THE battle to beat childhood obesity is being lost in the Lothians, new figures have shown.
Despite numerous initiatives to drive down the number of overweight youngsters, the proportion of primary one children who are obese or severely obese has risen in the Lothians in the past year.
However, Edinburgh appears to be bucking the trend, with a drop in the proportion of “overweight” primary one children, down from 23.4 per cent last year to 20.5 per cent this year.
Over the same period, the proportion of primary one pupils classed as “obese” in the Capital dropped from 10.4 per cent to 9.4 per cent, while those who are “severely obese” dropped slightly to 5.4 per cent. It puts the Capital just ahead of the national average. But the number of overweight children has risen in the rest of the Lothians, with Midlothian faring particularly badly. It has the second worst figures in Scotland, after North Ayrshire, with just under 28 per cent of primary one children found to be overweight.
Obese children made up 12.6 per cent of the primary one population, with 7.8 per cent severely obese.

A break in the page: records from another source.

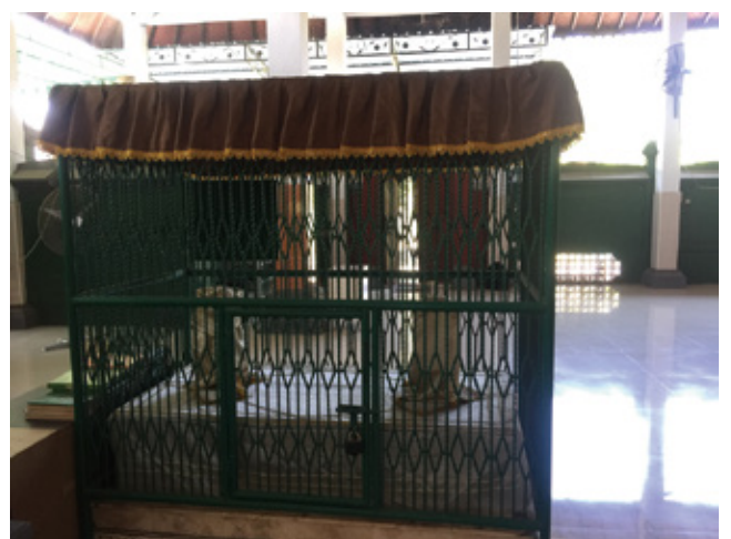
図2 アブ・バカールの聖廟内観

異本 (3) では、他の異本と同様に馬が王から与えられたものだったことへの言及はあるが、アブ・バカールが自宅に戻る途中で皇太子に出会ったとの記述がない。その代わり (と言うべきかどうか判断は分かれるかもしれないが)、彼が襲撃された場面の記述はより残虐なものになっている。血まみれで地面にひざまずいた様子や、逆に、彼の墓から炎が上がり、彼ら一人一人を燃やし続けたことが述べられている。原本に比べて暴力の記述が生々しいのである。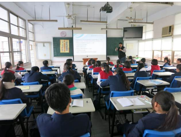
照片說明 教導同學簡單的加強資訊安全方法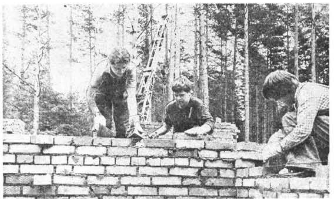
Много сделано для реконструкции спортивно-оздоровительного лагеря ЛИТМО в Ягодном студенческий строительный отряд.

Говорили и о недостатках услышанного: слабо раскрыта многообразная тематика жанра, отсутствует цельное представление о его специфических особенностях. Очевидно, сложность коренится в условности самого названия — «политпесня», ибо жанр этот, зародившийся в капиталистических странах, персона-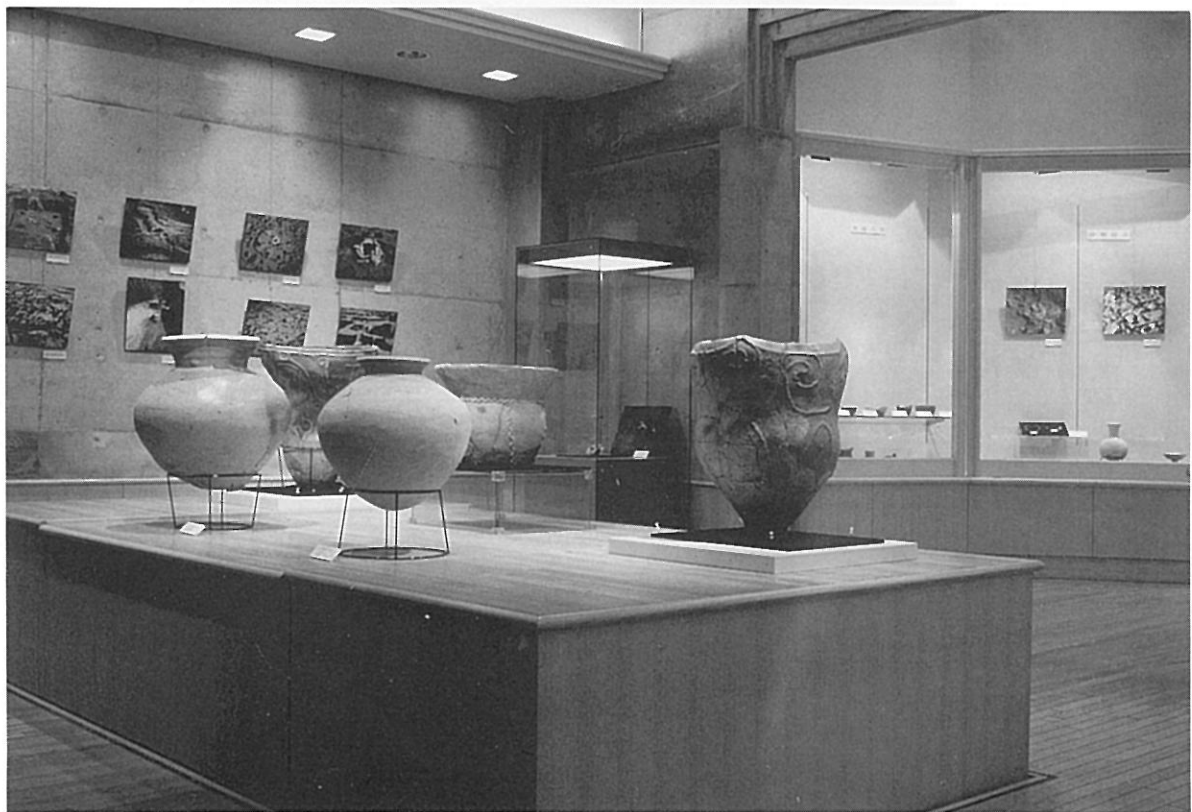
企画展「湘南の考古資料」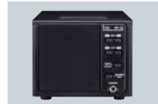
SP-23 HP EXTERNE 4 filtres audio et sortie jack. Impédance : 8Ω Puissance Max. : 5W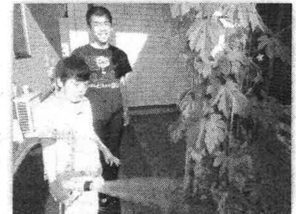
ゴーヤの収穫が楽しみです～♪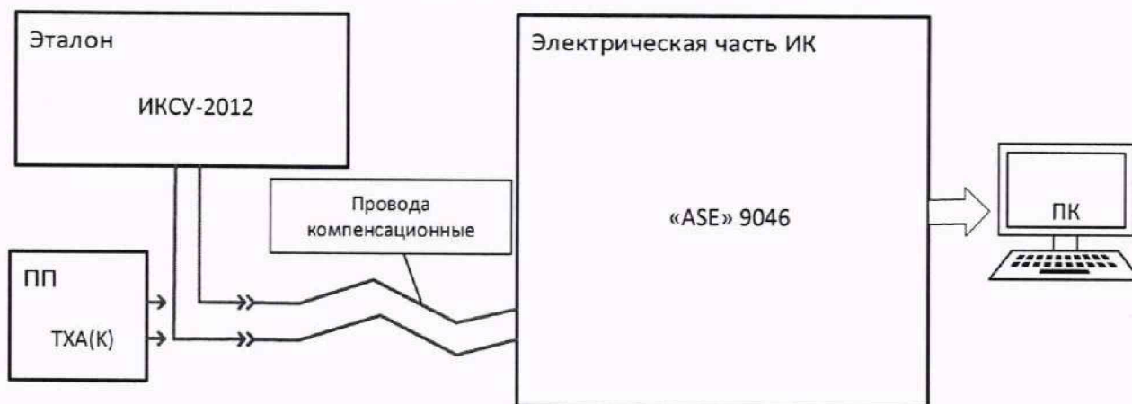
Рисунок 3 – Схема поверки ИК МИТ с ПП термоэлектрического типа

для чего на вход электрической части ИК (к кабельной линии), вместо ПП, подключить средство поверки, выбранное в соответствии с Таблица 2 настоящей МП.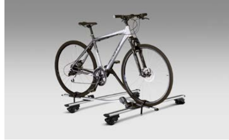
62 Polkupyöräteline, Premium SETHYA7100

Yhdelle polkupyörälle, kiinnitty erikseen hankittavaan kattotelineeseen.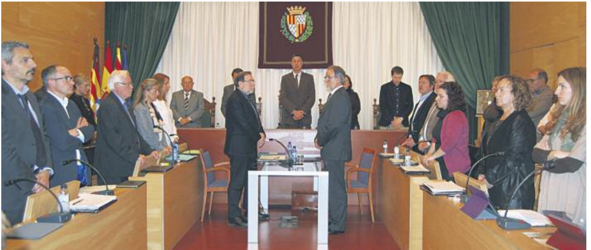
El Ple de l'Ajuntament va celebrar abans-d'ahir un minut de silenci en record a les víctimes de l'accident.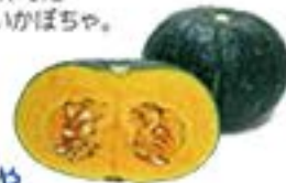
静岡県 鹿児島県 かぼちゃ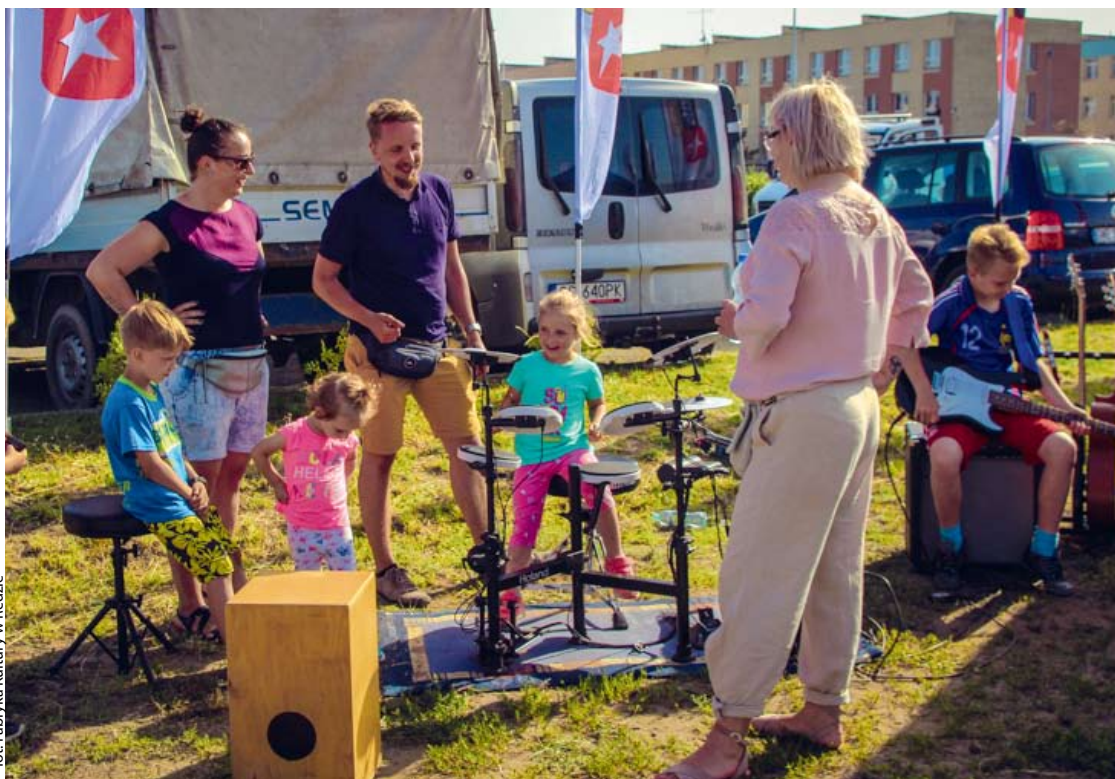
fol. Fabryka Kultury w Redzie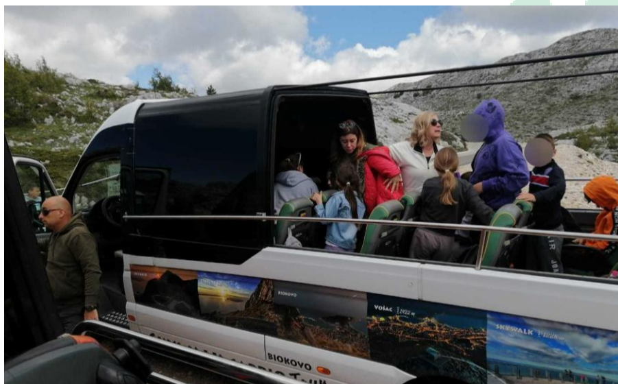
Slika 6 Poludnevni izlet na Biokovo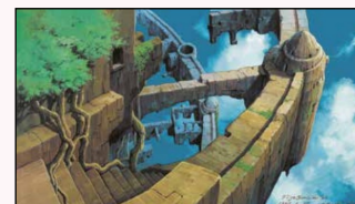
天空之城（荒凉的天空之城）1986

山本先生是日本国民公认的动画电影美术总监，代表作品有《天空之城》、《幽灵公主》等，这次展出他手绘的背景画和图像板等约250件美术设计作品。神户作为《萤火虫之墓》的社会舞台也将同时举办特别作品展。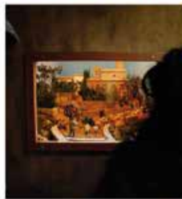
Associació Pessebrista de Sant Feliu del Racó

Vine a gaudir del Pessebre Vivent de Sant Feliu! A més, podràs participar a l'arbre dels desitjos, degustar caldote de Nadal, portar la carta a l'Ambaixador, guanyar una panera i gaudir, dissabte 29, de l'actuació del Cor Grans i Cor Mitjans del Cor Sant Esteve.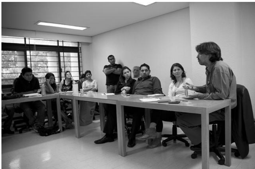
Seminario Permanente de Sociología Audiovisual. 1 de junio de 2012. Aula 1 del Instituto de Investigaciones Sociales de la UNAM.

La audiencia del seminario ha sido multidisciplinaria, procedente de diversas instituciones vinculadas al estudio de lo social, conformada tanto por investigadores especialistas en los temas abordados, como por estudiantes, documentalistas y fotógrafos. Las sesiones han tenido lugar en el Centro de Estudios Sociológicos de la UNAM, en el Instituto de Investigaciones Sociales de la UNAM y, actualmente, en el área de posgrado de la Facultad de Ciencias Políticas y Sociales de la UNAM.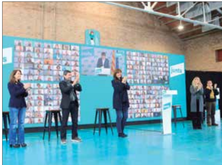
Borràs (al centre) i Puigdemont a la pantalla, amb altres candidats.

Durant la presentació, els socialistes van ser el blanc de la majoria de crítiques de Junts. Puigdemont va qualificar el candidat del PSC Salvador Illa com "un dels pitjors ministres de Sanitat de la Unió Europea". També va insistir en la tasca que es fa des de l'exili: un exili que "recorda al món l'exis-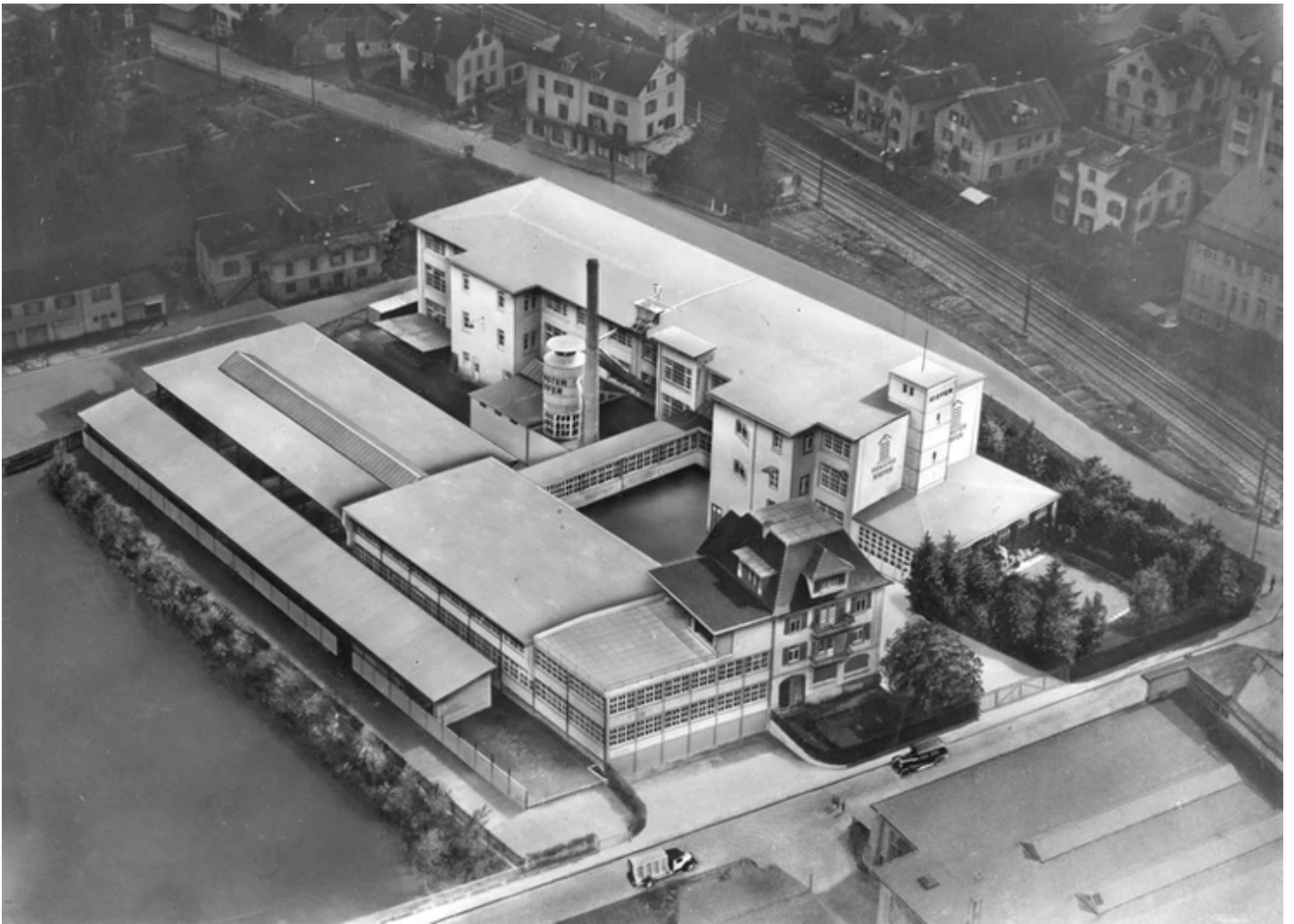
Bachstrasse 8-10: Kiefer Fensterfabrik (Weisse Fabrik). Undatierte Aufnahme.

Auf dem Foto oben ist die Kiefer Fensterfabrik mit dem Wohnhaus zu sehen. Für einen Bau des Jahres 1909/1910 wirkt das Gebäude sehr funktional, fast wie moderne Bauhaus-Architektur. Noch heute scheint das Haus jünger als es ist. Die Aufnahme ist zwar nicht datiert, sie muss aber vor 1938 aufgenommen worden sein, denn der rechts noch knapp erkennbare Bahnübergang wurde in jenem Jahr durch die Unterführung ersetzt.

A spokesman for Midlothian Council said obesity was a complex issue often influenced by financial pressure and “inequality in society”. But he said the authority was taking actions to influence children’s eating habits, including helping voluntary organisations provide cooking and nutrition advice to parents and requiring childcare providers to give healthy snacks and outdoor activities.
Attempts to slim down youngsters in the Lothians have seen a raft of initiatives introduced in recent years. As the Evening News reported earlier this month, several private nurseries are encouraging tots as young as 18 months to take part in keep-fit classes under a new scheme called Stretch-n-Grow. NHS Lothian launched its Get Going programme in December 2010, which sees overweight children and their families offered personal training.
But in January it was revealed that more than a third of primary schools in the Capital were missing the target of giving pupils two hours of PE lessons a week, with almost two thirds of secondary schools also falling short.
Jill Cook, service manager for ParentLine Scotland, said she thought many parents were concerned about their children’s health but lacked the confidence to act.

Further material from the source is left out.